We manufacture the substantial majority of our products in the United States and plan to begin manufacturing
products in Mexico in 2011. We sell our products throughout the world and maintain sales and administration
facilities in Canada, France, Norway, Sweden, United Kingdom, Switzerland, Germany, Spain, Australia, China
and Brazil. Our primary distribution facility is in Vermillion, South Dakota which distributes PG&A products to our
North American dealers and we have various other locations around the world that distribute PG&A to our
international dealers and distributors and one of our significant engine suppliers is located in Japan. Our total sales
outside North America were 15 percent, 16 percent, and 16 percent of our total sales for fiscal 2010, 2009, and 2008,
respectively. International markets have, and will continue to be, a focus for sales growth. We believe many
opportunities exist in the international markets, and over time we intend for international sales to comprise a larger
percentage of our total sales. Several factors, including weakened international economic conditions, could
adversely affect such growth. Additionally, the expansion of our existing international operations and entry into
additional international markets require significant management attention and financial resources. Some of the
countries in which we sell our products, or otherwise have an international presence, are to some degree subject to
political, economic and/or social instability. Our international operations expose us and our representatives, agents
and distributors to risks inherent in operating in foreign jurisdictions.
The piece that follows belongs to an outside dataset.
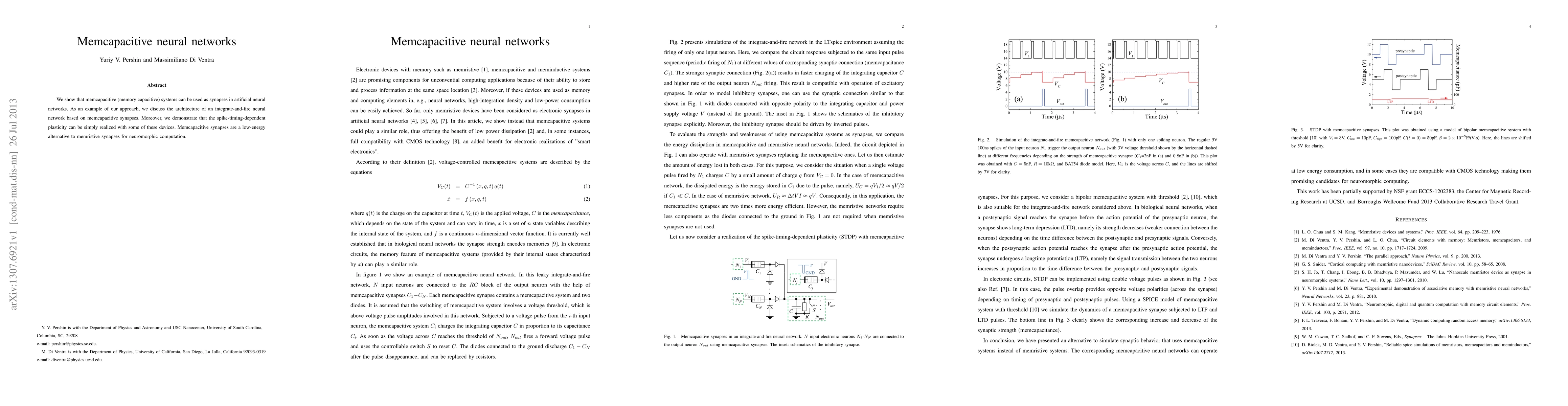 Memcapacitive systems are proposed as low-energy synaptic alternatives in artificial neural networks, specifically in an integrate-and-fire architecture. These memcapacitive synapses enable spike-timing-dependent plasticity, offering a viable low-energy option compared to memristive synapses for neuromorphic computation.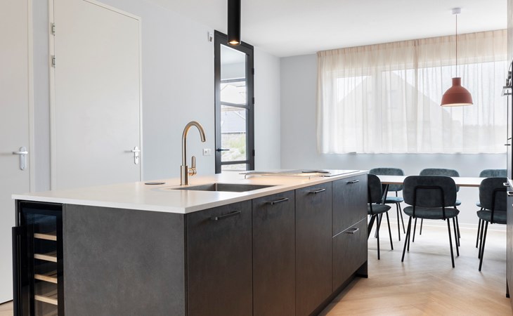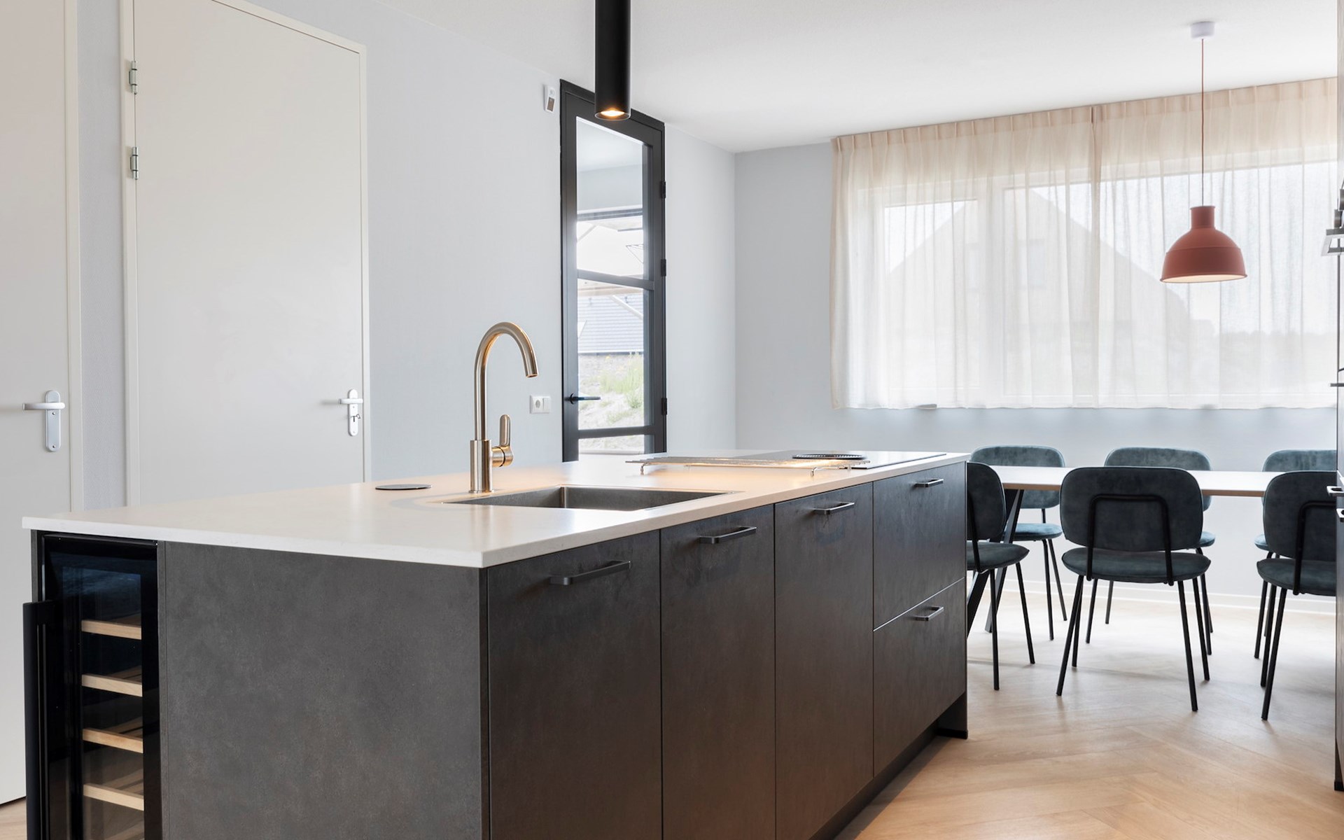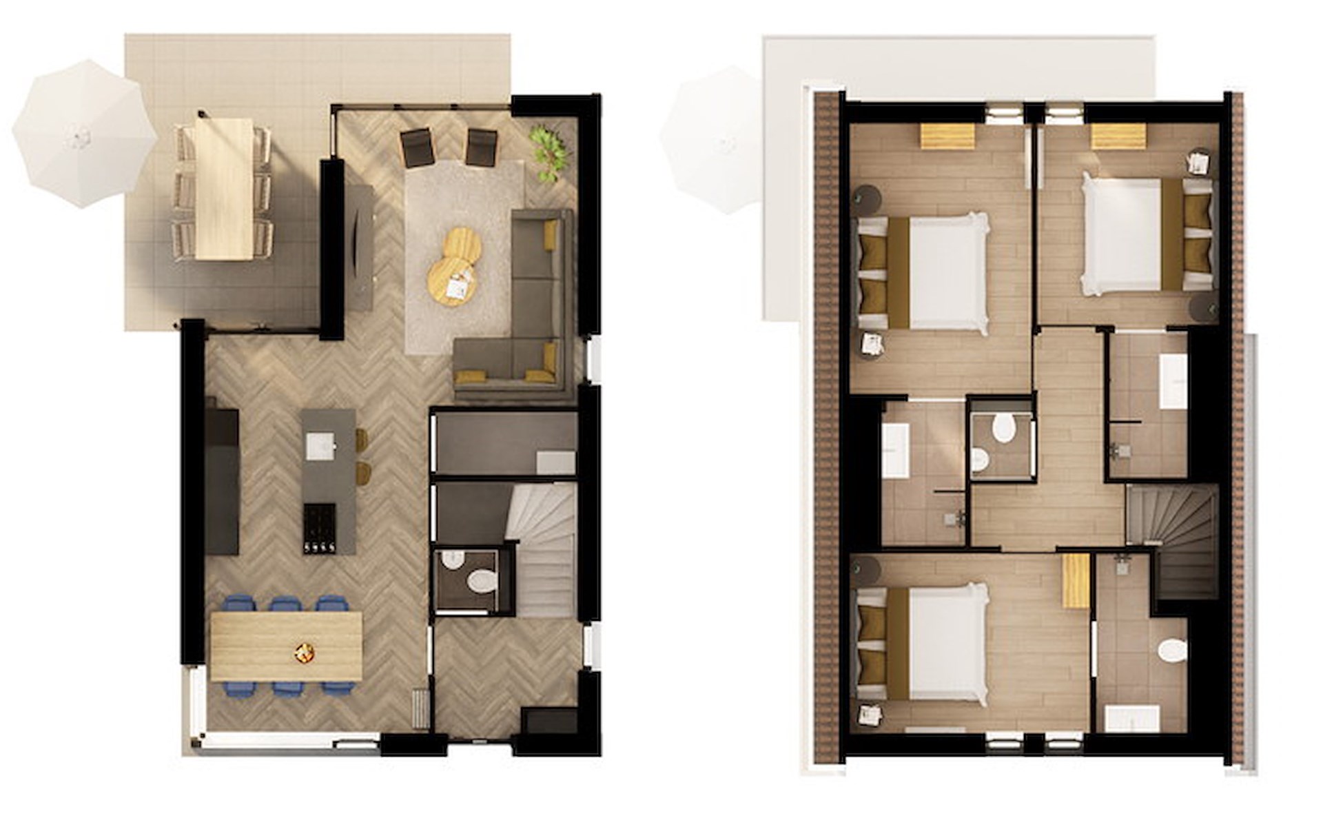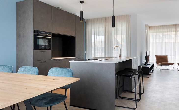Das moderne Wohnzimmer verfügt über einen großen Sitzbereich mit einem Smart-TV mit Streaming-Funktion. Die luxuriöse Küche mit Kochinsel ist komplett ausgestattet und umfasst ein Bora-Kochfeld, einen Kühlschrank mit Gefrierfach, einen Geschirrspüler, eine Nespresso-Maschine und einen Weinkühlschrank. Neben der offenen Küche befindet sich der Essbereich mit einem Esstisch. Außerdem gibt es eine separate Toilette im Erdgeschoss.

These risks include:
increased costs of customizing products for foreign countries;
difficulties in managing and staffing international operations and increases in infrastructure costs including
legal, tax, accounting, and information technology;
the imposition of additional United States and foreign governmental controls or regulations; new or
enhanced trade restrictions and restrictions on the activities of foreign agents, representatives, and distrib-
utors; and the imposition of increases in costly and lengthy import and export licensing and other compliance
requirements, customs duties and tariffs, license obligations, and other non-tariff barriers to trade;
the imposition of United States and/or international sanctions against a country, company, person, or entity
with whom we do business that would restrict or prohibit our continued business with the sanctioned country,
company, person, or entity;
international pricing pressures;
laws and business practices favoring local companies;
adverse currency exchange rate fluctuations;
longer payment cycles and difficulties in enforcing agreements and collecting receivables through certain
foreign legal systems;
difficulties in enforcing or defending intellectual property rights; and
multiple, changing, and often inconsistent enforcement of laws, rules, and regulations, including rules
relating to environmental, health, and safety matters.
Our international operations may not produce desired levels of total sales or one or more of the factors listed
above may harm our business and operating results. Any material decrease in our international sales or profitability
could also adversely impact our operating results.